“Nothing is so bad that it isn’t good for something,” goes an old Danish proverb. And looking at the economy and employment, things aren’t going well in Germany. With unemployment expected to hit six percent this year and a recession fully underway, Europe’s economic engine has shifted into low gear. But how could this be beneficial?
A different picture in Denmark
The situation in Denmark is quite the opposite. Employment continues to rise to the point where it’s now more common than not for new workers to come from outside Denmark. There simply isn’t enough available, qualified local labor.
It thus seems obvious that Danish businesses could employ German job seekers. In turn, unemployed Germans could help Danish companies keep their production going.
Of course, it wouldn’t be that simple. You can’t just send unemployed people from Schleswig-Holstein on a ferry to Lolland to work as electricians, plumbers, chefs, or waiters on Lolland-Falster or South Zealand.
Three barriers to Baltic commuting
The first and most immediate barrier is the ferry. Two hours of daily transportation, which isn’t cheap either, can put a damper on the desire to become a Baltic commuter.
The second problem is technical and bureaucratic. Different tax and labor market rules between Germany and Denmark create hurdles for cross-border employment.
Finally, an unemployed person is not just any unemployed person — not even in Germany. In Schleswig-Holstein, employers in the hotel and restaurant sectors have expressed concern that skilled and unskilled workers are moving to Denmark due to higher wages.

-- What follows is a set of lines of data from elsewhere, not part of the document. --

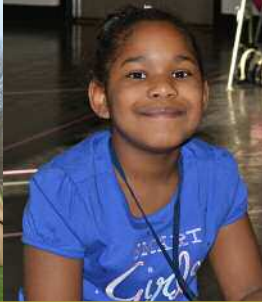
ACADEMY OF THEATRE ARTS SPRING BREAK DAY CAMP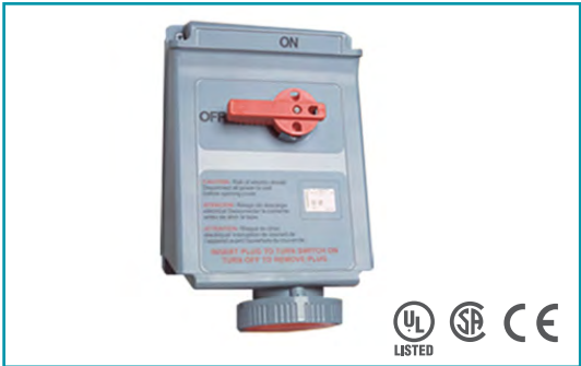
MECHANICAL INTERLOCK DEVICES Designed to combine a disconnect switch and receptacle into one compact unit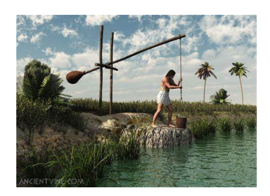
Fig. 3.5b Ancient irrigation system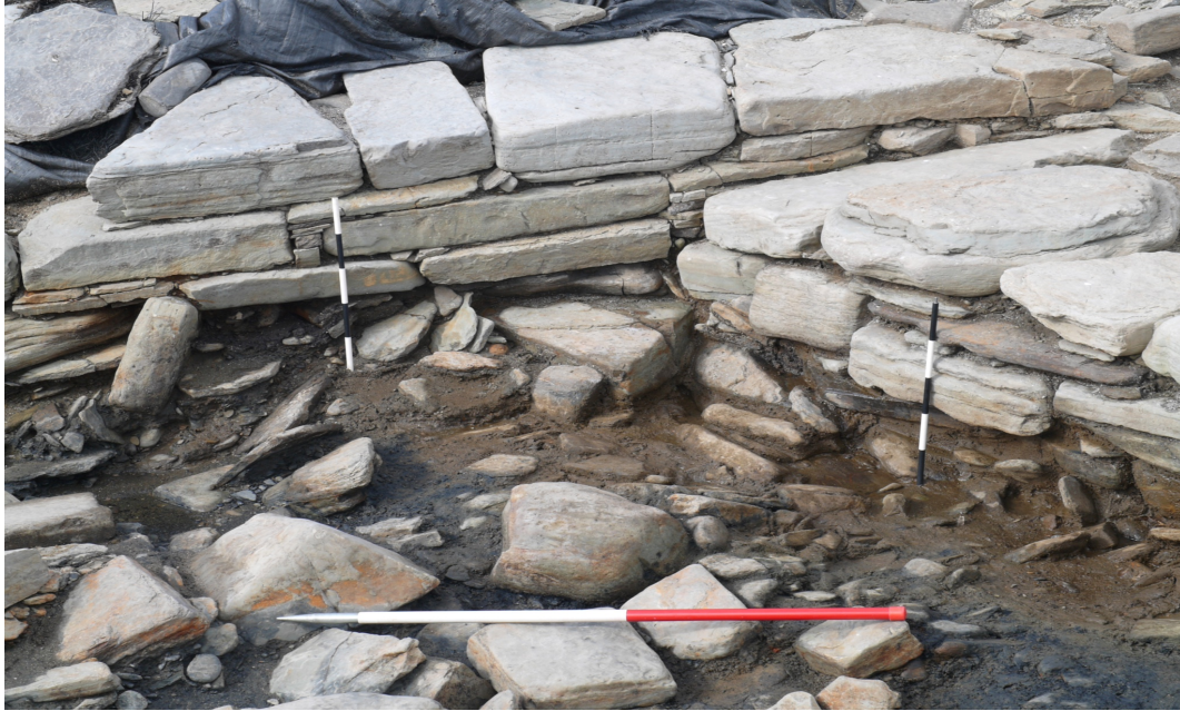
The Neolithic Casement Wall [105] and secondary wall [1117]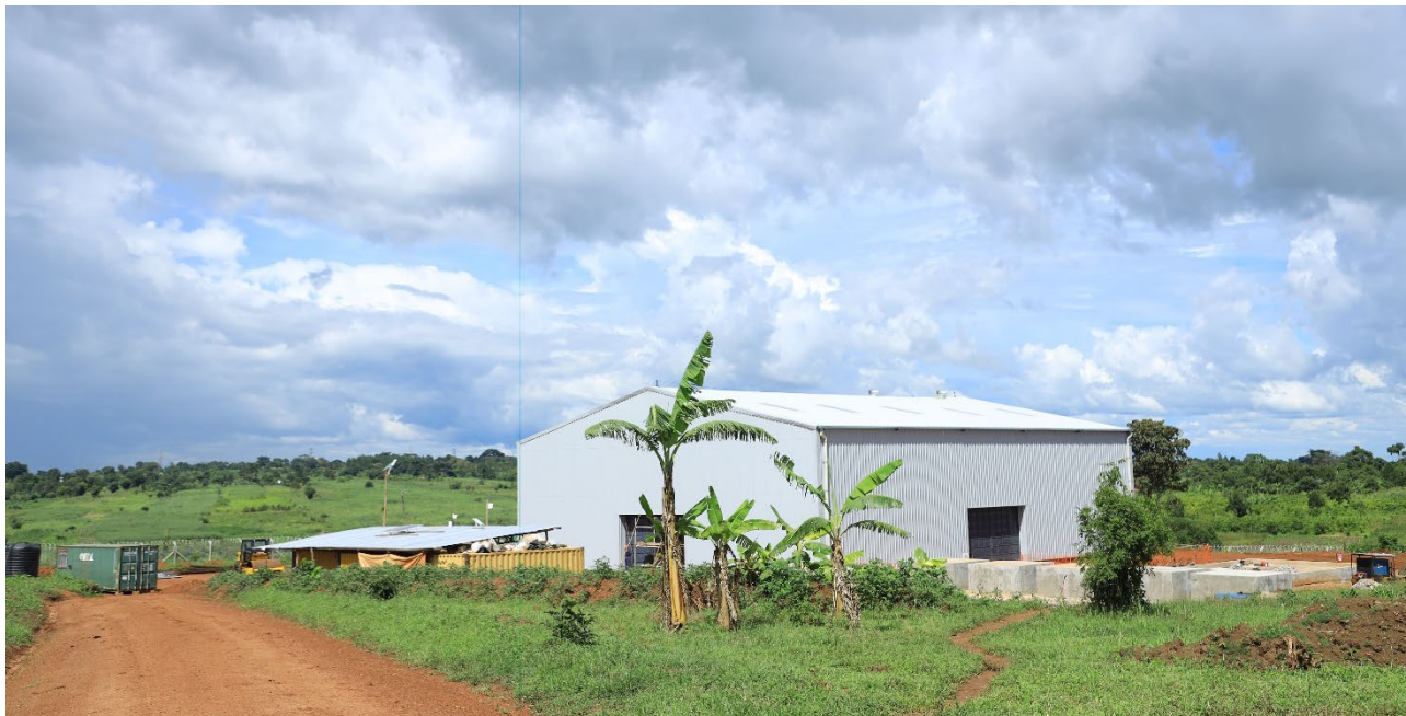
Figure 4: Makuutu Stage 1 Demonstration Plant.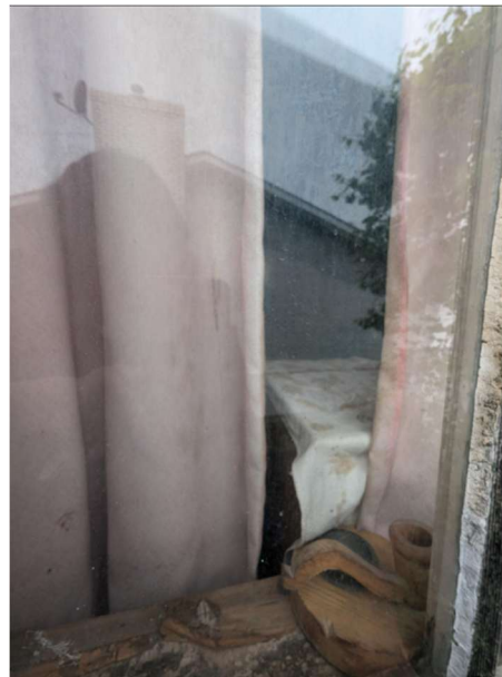
East Window ( Facing West )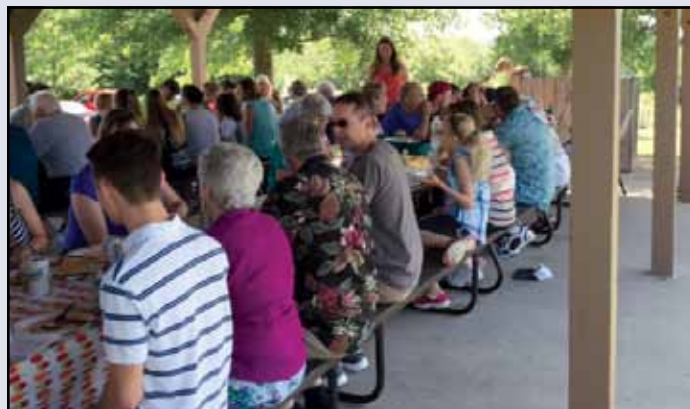
Good conversation and good food at the Branch picnic.

Nebraska is blessed with eight beautiful state parks, two of which are short drives from Omaha, nine state historical parks and over 50 state recreation areas! However, Branch W018 loves Mahoney State Park and members look forward to meeting again at this wonderful, relaxing place.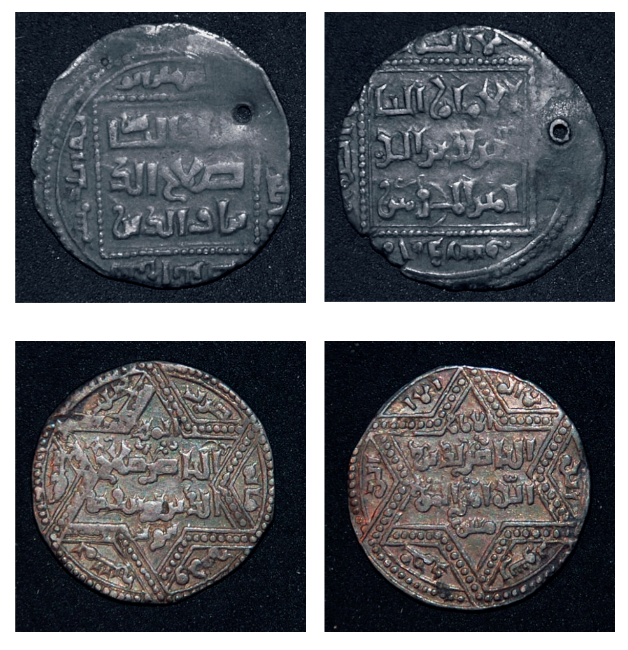
Figure 4. Ayyubid square in a circle style dirham, Salah al-Din, Dimashq, 582 (Dar al-Kutub cat. 2309 / 1778); Ayyubid six-pointed star style dirham, Şalāḥ al-Dīn, Halab, 585 (Dār al-Kutub cat. 2297 / reg. 1173.

Saladin's son al-'Azīz 'Uṯmān (Egypt: 589-592 / 1193-1195) introduced Naskh script on his Damascus square-in-circle dirhams from 593/1197 but not on the dirhams or dinars of the Cairo mint. Here script distinguished two mints since both had the same square-in-circle layout.<sup>23</sup> In this case it is not possible to argue that the use of Naskh was a marker of Sunni Islam or sultanic power since it was used on silver before gold, on coins from one mint but not others, and not by the ruler who had established Sunni rule in place of that of Fatimid Ismā'īlī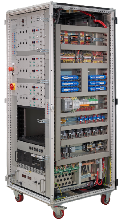
Environmental test platform for automated hardware releases of up to six electromechanical DUTs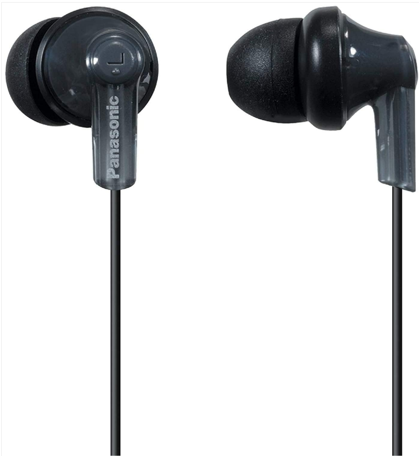
Image: Panasonic ErgoFit Wired Earbuds in black, showcasing their sleek design.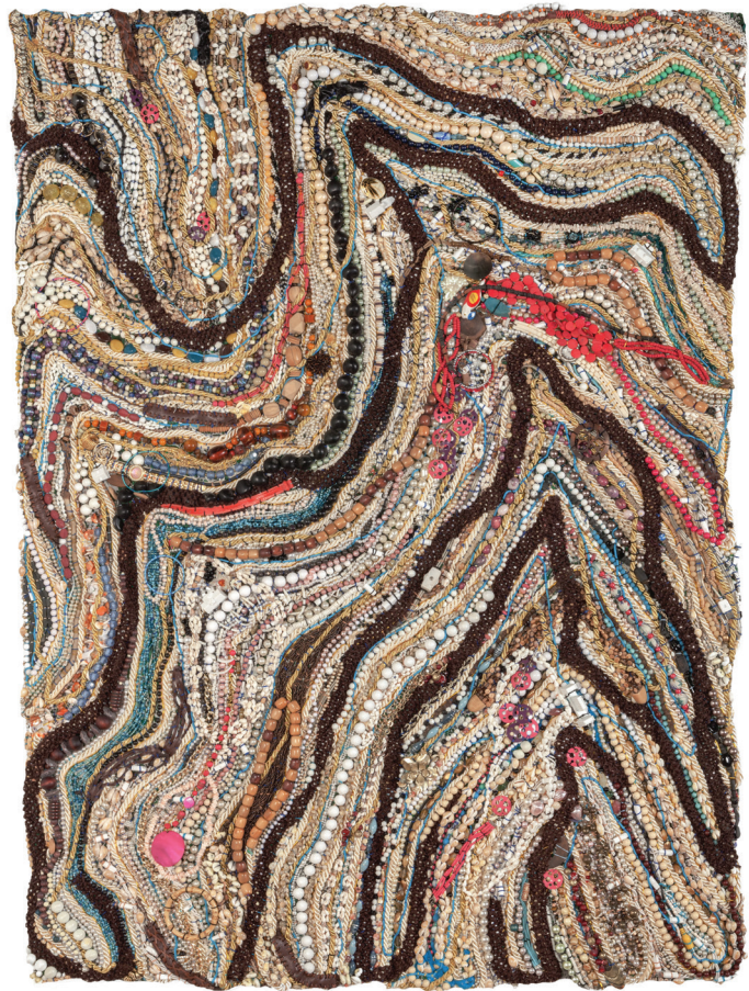
Blind Alley , mixed media, 60" x 42"

This will hurt the tourism industry in the state, which is already struggling to find workers.
It’s well-known that one man’s loss is another man’s gain, but Danish companies taking food off the table of German businesses won’t help with regional integration across the Fehmarn Belt.
Barriers are coming down
The ferry barrier is already coming down, as can be seen on the Fehmarn project. There is also willingness to address bureaucratic hurdles. This is evident from a meeting between the mayor of Lolland, the chair of the Region Zealand council, and Schleswig-Holstein’s Minister of Economy in early April to discuss regional integration.
The next natural step is for these discussions to take place between the Danish government and the German federal government, ensuring it goes beyond mere talk.